Since then I have felt much better in rehearsals. I feel more comfortable around the other music staff people as I have come to know them better, and found some really amazing people in this group. I have also received some very meaningful encouragement from Dr. John, the director, as well as several other music staff people regarding my playing. I'm beginning to relax and realize that I actually know what I'm doing and can be an asset to this staff of musicians.

Last Thursday night, we had our weekly recital concert where music staff members play solos, duets, small ensemble pieces (we had a string quintet and a brass quintet play). And of course, every recital concert ends with an offering from the jazz combo. I was sitting back during the recital listening to this incredible music being played by some of the most talented musicians I have been around and thinking, "Wow. I'm getting paid for this." Then it was my turn to play with the jazz combo, and we did a fun rendition of a Thelonious Monk tune called “Well, You Needn’t.” I actually felt like I belonged on the stage. It was a good time.

On Friday, we had our first impromptu "jazz on the beach" session. This is where the jazz combo sets up on a beautiful stone patio that overlooks the beach and call out tunes to play for an hour.

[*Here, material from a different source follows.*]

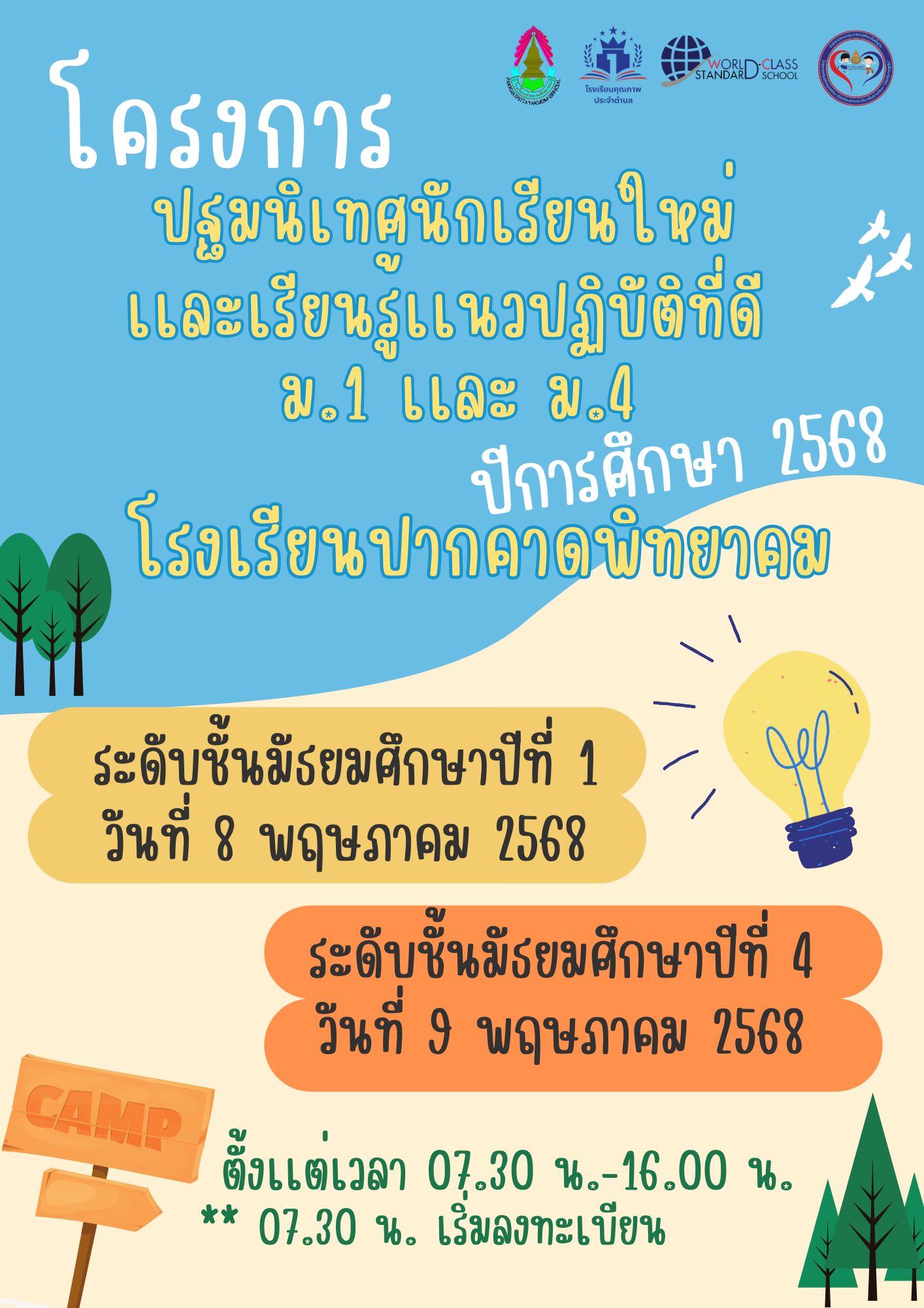 กำหนดการปฐมนิเทศนักเรียนใหม่ และเรียนรู้แนวปฏิบัติที่ดี ม.1 และ ม.4

Of course, I don't know as many tunes some of these players, I have found that God again has been preparing me for I need to do. I have my trusty Real Book, and through the hours and hours of playing piano, guitar, bass, and my good ol' sightsinging/eartraining classes, I have found myself being able to look over tunes quickly and hear a rough version in my head before I play. I'm really excited for this part of my week, as I will be learning a huge repertoire of jazz tunes.

This week at "jazz on the beach" we had the pleasure of having Walt, an elderly guest join us on keys. He had been asking when we were gonna play all week, although he was worried that he wouldn't know any of the tunes that we play, because he was "two generations behind us." But we let him call the tunes and he had a blast. Every time it was his turn to solo, he would usually just comp and sing the melody as loud as he could. He knew every word. At the end, he was so thankful to us for playing with him. It was obvious that this is a big reason why he comes to camp.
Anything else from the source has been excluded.